▸ Data

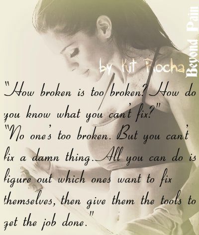 "No one's too broken. But you can't fix a damn thing. All you can do is figure out which ones want to fix themselves, then give them the tools to get the job done."
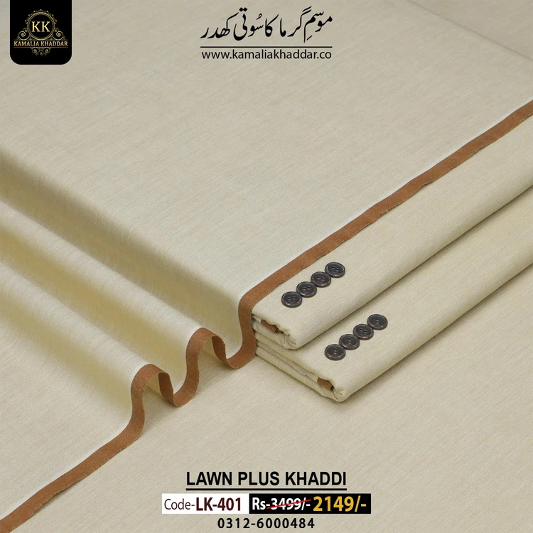 KAMALIA SUMMER LAWN PLUS KHADDI KHADDAR  is a Non-Chemicalized Fabric Characterized By Luster, Durability, And An Intense Soft Feel For Human Skin.
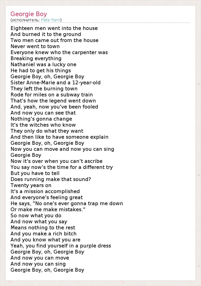 Eighteen men went into the house And burned it to the ground Two men came out from the house Never went to town Everyone knew who the carpenter was Breaking everything Nathaniel was a lucky one He had to get his things Georgie Boy, oh, Georgie Boy Sister Anne-Marie and a 12-year-old They left the burning town Rode for miles on a subway train That's how the legend went down And, yeah, now you've been fooled And now you can see that Nothing's gonna change It's the witches who know They only do what they want And then like to have someone explain Georgie Boy, oh, Georgie Boy Now you can move and now you can sing Georgie Boy Now it's over when you can't ascribe You say now's the time for a different try But you have to tell Does running make that sound? Twenty years on It's a mission accomplished And everyone's feeling great He says, "No one's ever gonna trap me down Or make me make mistakes." So now what you do And now what you say Means nothing to the rest And you make a rich bitch And you know what you are Yeah, you find yourself in a purple dress Georgie Boy, oh, Georgie Boy And now you can move And now you can sing Georgie Boy, oh, Georgie Boy
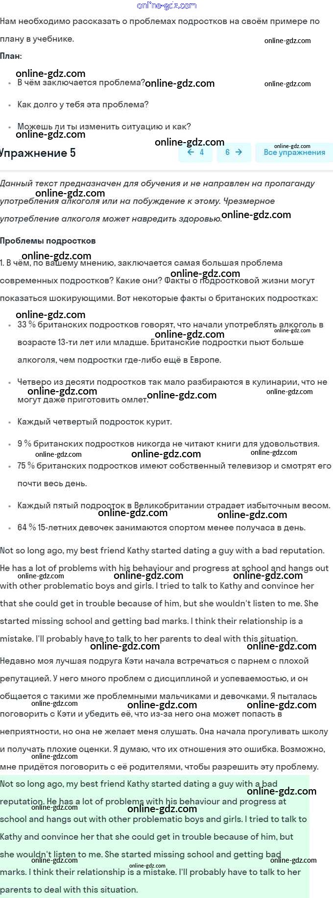 Готовые домашние задания по Английскому языку за 9 класс Учебник Афанасьева, Михеева Rainbow 2017 - Step 10 Unit 4. Being a Teenager 5
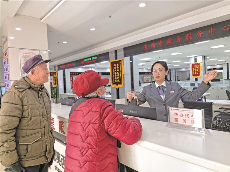 二月二十七日,在宝鸡市政务服务中心,工作人员为前来办理业务的群众提供帮办代办服务。
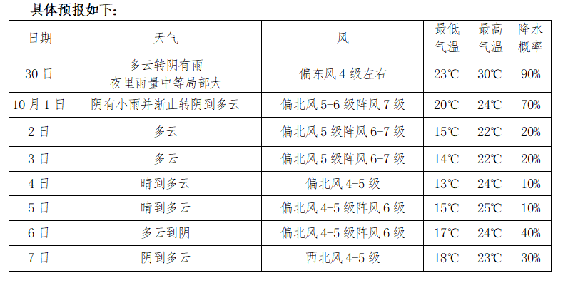 國慶假期天氣 據最新氣象資料分析,預計今年國慶假期我市天氣總體較好。假日前期(9月30日至10月1日)受較強冷空氣影響,我市將有一次明顯的降雨、降溫和大風天氣過程,其中30日夜里雨量中等局部大雨,1日起氣溫明顯下降,48小時降溫幅度8℃左右,并伴有6-7級偏北大風。2-5日以晴好天氣為主,氣溫變化平穩,但較前期明顯偏低,我市將進入氣象意義上的秋天;其中2-3日受第18號臺風“山陀兒”外圍環流影響,風力較大。6-7日云系增多,局地可能有弱降雨。
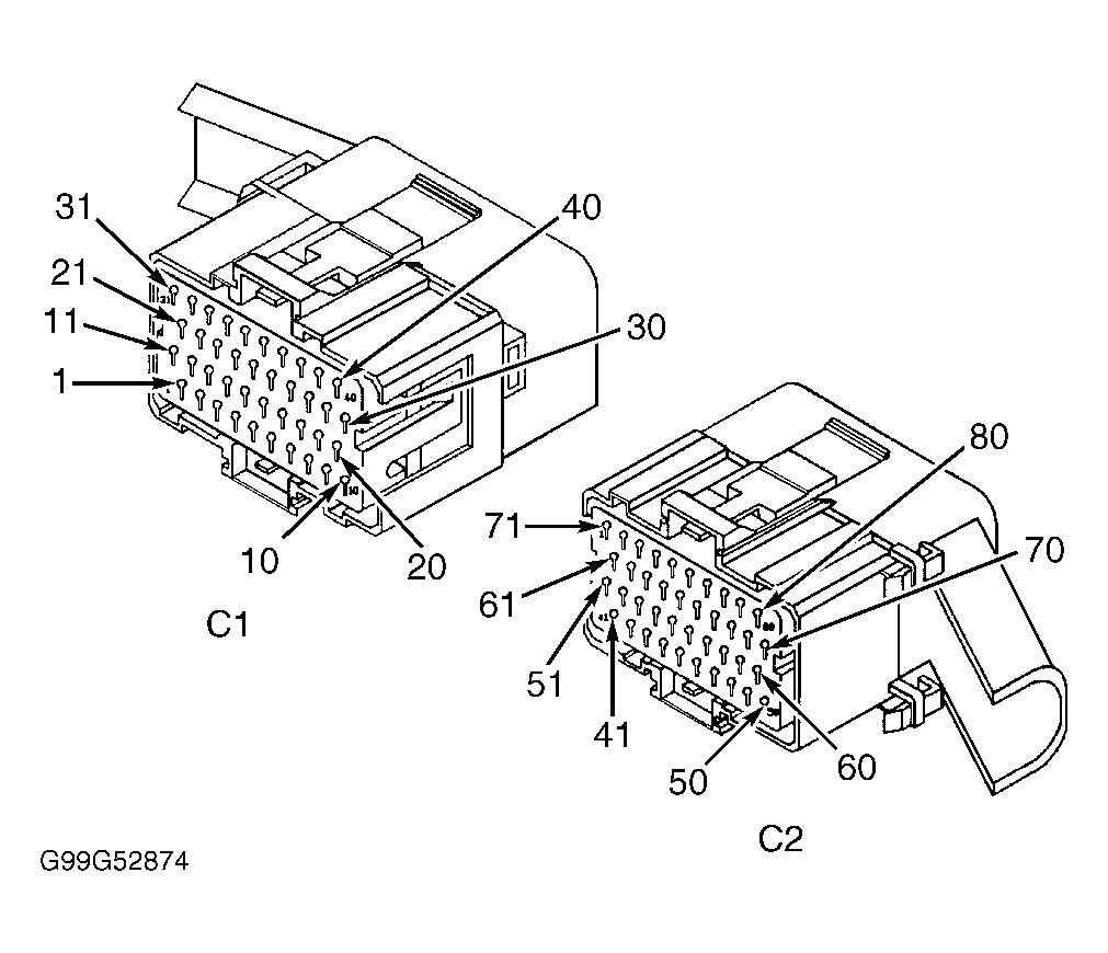 - Turn ignition off. Disconnect Powertrain Control Module (PCM) connectors. PCM is located in engine compartment between left inner fender and power distribution center. Inspect terminals No. 59 and 60 at PCM connector C2 for damaged pins, corrosion and loose terminals. See Figure . Repair connector as necessary. If connector is okay, connect a jumper wire between ground and terminal No. 59 (Violet/Brown wire) PCM connector C2. Using scan tool, perform CCD BUS TEST. If scan tool displays SHORT TO GROUND, disconnect jumper wire and go to next step. If scan tool does not display SHORT TO GROUND, repair open in Violet/Brown wire.

▸ Problem requirements
The result should be a verbatim copy of the data, free of pictures.

▸ Your solution
 "No one's too broken. But you can't fix a damn thing. All you can do is figure out which ones want to fix themselves, then give them the tools to get the job done."
 KAMALIA SUMMER LAWN PLUS KHADDI KHADDAR  is a Non-Chemicalized Fabric Characterized By Luster, Durability, And An Intense Soft Feel For Human Skin.
 Eighteen men went into the house And burned it to the ground Two men came out from the house Never went to town Everyone knew who the carpenter was Breaking everything Nathaniel was a lucky one He had to get his things Georgie Boy, oh, Georgie Boy Sister Anne-Marie and a 12-year-old They left the burning town Rode for miles on a subway train That's how the legend went down And, yeah, now you've been fooled And now you can see that Nothing's gonna change It's the witches who know They only do what they want And then like to have someone explain Georgie Boy, oh, Georgie Boy Now you can move and now you can sing Georgie Boy Now it's over when you can't ascribe You say now's the time for a different try But you have to tell Does running make that sound? Twenty years on It's a mission accomplished And everyone's feeling great He says, "No one's ever gonna trap me down Or make me make mistakes." So now what you do And now what you say Means nothing to the rest And you make a rich bitch And you know what you are Yeah, you find yourself in a purple dress Georgie Boy, oh, Georgie Boy And now you can move And now you can sing Georgie Boy, oh, Georgie Boy
 Готовые домашние задания по Английскому языку за 9 класс Учебник Афанасьева, Михеева Rainbow 2017 - Step 10 Unit 4. Being a Teenager 5
 二月二十七日,在宝鸡市政务服务中心,工作人员为前来办理业务的群众提供帮办代办服务。
 國慶假期天氣 據最新氣象資料分析,預計今年國慶假期我市天氣總體較好。假日前期(9月30日至10月1日)受較強冷空氣影響,我市將有一次明顯的降雨、降溫和大風天氣過程,其中30日夜里雨量中等局部大雨,1日起氣溫明顯下降,48小時降溫幅度8℃左右,并伴有6-7級偏北大風。2-5日以晴好天氣為主,氣溫變化平穩,但較前期明顯偏低,我市將進入氣象意義上的秋天;其中2-3日受第18號臺風“山陀兒”外圍環流影響,風力較大。6-7日云系增多,局地可能有弱降雨。
 - Turn ignition off. Disconnect Powertrain Control Module (PCM) connectors. PCM is located in engine compartment between left inner fender and power distribution center. Inspect terminals No. 59 and 60 at PCM connector C2 for damaged pins, corrosion and loose terminals. See Figure . Repair connector as necessary. If connector is okay, connect a jumper wire between ground and terminal No. 59 (Violet/Brown wire) PCM connector C2. Using scan tool, perform CCD BUS TEST. If scan tool displays SHORT TO GROUND, disconnect jumper wire and go to next step. If scan tool does not display SHORT TO GROUND, repair open in Violet/Brown wire.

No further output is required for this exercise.